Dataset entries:
---------------
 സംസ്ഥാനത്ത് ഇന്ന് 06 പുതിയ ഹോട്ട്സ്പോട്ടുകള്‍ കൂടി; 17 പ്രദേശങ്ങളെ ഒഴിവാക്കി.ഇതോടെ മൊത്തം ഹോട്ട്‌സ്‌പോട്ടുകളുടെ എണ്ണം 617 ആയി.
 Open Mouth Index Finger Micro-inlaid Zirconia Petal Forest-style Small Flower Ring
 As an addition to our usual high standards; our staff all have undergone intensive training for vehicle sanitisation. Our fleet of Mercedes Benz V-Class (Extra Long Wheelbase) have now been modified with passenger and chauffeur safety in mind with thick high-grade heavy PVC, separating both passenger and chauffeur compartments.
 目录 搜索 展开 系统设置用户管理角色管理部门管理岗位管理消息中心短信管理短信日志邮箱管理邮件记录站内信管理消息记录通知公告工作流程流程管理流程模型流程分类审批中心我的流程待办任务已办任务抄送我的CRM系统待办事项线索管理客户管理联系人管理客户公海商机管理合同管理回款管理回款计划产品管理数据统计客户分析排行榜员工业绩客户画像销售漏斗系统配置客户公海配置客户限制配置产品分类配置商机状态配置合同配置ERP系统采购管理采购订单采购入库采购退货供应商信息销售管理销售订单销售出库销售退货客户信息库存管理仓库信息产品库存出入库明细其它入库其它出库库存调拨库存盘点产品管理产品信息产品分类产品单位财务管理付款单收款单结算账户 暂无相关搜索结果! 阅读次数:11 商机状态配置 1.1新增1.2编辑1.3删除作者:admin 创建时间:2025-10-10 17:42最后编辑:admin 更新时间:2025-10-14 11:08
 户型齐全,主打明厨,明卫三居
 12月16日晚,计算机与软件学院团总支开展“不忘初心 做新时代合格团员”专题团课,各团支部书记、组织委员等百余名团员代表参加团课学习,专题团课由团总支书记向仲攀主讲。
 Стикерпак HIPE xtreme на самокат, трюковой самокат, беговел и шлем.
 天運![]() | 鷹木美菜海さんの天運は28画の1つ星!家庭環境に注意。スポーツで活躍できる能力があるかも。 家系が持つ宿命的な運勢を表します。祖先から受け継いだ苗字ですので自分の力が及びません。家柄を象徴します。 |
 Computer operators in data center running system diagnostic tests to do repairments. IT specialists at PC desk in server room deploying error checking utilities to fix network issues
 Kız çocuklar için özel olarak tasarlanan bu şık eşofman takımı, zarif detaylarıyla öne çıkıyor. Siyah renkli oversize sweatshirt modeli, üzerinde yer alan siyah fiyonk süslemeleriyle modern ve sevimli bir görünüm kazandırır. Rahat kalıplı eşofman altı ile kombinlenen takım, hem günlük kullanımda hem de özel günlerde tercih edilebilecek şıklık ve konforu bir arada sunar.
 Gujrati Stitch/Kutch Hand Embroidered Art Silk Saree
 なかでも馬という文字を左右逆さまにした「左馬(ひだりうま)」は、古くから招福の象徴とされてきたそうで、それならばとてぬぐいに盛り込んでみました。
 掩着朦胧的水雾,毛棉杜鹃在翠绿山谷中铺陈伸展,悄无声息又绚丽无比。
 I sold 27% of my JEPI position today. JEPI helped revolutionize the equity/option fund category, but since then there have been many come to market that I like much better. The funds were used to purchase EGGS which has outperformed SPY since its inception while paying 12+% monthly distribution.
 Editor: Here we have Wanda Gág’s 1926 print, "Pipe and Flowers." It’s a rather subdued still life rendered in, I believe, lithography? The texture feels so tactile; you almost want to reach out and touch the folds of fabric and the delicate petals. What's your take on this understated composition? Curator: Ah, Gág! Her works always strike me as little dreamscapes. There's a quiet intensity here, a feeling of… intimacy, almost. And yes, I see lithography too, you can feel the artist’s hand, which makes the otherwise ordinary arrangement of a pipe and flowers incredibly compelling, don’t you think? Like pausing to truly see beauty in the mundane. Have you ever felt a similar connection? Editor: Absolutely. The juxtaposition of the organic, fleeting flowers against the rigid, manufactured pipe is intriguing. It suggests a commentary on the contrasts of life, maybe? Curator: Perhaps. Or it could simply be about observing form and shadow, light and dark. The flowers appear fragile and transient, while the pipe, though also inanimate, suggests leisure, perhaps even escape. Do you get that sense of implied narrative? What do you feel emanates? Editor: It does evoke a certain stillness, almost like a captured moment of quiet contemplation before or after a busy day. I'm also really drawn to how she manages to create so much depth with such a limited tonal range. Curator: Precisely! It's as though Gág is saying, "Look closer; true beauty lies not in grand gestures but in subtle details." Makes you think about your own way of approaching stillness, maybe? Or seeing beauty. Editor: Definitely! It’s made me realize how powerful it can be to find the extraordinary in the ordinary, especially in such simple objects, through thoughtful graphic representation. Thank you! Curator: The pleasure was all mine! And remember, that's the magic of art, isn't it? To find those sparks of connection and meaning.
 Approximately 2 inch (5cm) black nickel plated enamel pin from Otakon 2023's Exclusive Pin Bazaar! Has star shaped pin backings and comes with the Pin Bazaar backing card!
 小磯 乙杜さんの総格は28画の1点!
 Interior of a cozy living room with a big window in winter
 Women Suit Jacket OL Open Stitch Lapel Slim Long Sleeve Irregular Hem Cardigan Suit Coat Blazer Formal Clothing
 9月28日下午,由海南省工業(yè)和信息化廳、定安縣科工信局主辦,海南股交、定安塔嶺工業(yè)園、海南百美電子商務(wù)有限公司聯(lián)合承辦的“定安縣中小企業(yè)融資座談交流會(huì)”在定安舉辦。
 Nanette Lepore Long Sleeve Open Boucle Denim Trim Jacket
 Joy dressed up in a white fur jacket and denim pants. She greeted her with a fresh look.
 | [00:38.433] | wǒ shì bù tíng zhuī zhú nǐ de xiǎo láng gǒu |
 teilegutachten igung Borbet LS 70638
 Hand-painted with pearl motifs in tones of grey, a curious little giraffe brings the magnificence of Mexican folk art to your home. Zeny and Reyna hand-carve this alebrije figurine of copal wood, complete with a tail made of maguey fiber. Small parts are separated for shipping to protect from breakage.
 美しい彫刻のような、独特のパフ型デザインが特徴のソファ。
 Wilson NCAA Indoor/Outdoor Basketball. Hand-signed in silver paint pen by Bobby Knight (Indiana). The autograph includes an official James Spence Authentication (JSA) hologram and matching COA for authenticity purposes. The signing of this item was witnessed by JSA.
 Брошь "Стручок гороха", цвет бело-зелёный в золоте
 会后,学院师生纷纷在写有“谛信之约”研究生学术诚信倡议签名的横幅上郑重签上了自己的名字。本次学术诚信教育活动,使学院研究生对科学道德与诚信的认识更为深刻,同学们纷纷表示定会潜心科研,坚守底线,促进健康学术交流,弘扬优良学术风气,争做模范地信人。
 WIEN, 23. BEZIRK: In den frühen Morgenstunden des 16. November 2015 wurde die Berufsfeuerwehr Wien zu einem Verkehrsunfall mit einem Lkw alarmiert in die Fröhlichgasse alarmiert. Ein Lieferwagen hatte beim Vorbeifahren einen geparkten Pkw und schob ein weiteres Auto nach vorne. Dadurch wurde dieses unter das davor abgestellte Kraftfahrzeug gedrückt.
---------------
Copy the records above exactly, beginning at the line that contains "Hand-painted with pearl" and stopping after the line that contains "美しい彫刻のような、独特のパフ型デザインが特徴のソファ。".

RESPONSE BOX -
 Hand-painted with pearl motifs in tones of grey, a curious little giraffe brings the magnificence of Mexican folk art to your home. Zeny and Reyna hand-carve this alebrije figurine of copal wood, complete with a tail made of maguey fiber. Small parts are separated for shipping to protect from breakage.
 美しい彫刻のような、独特のパフ型デザインが特徴のソファ。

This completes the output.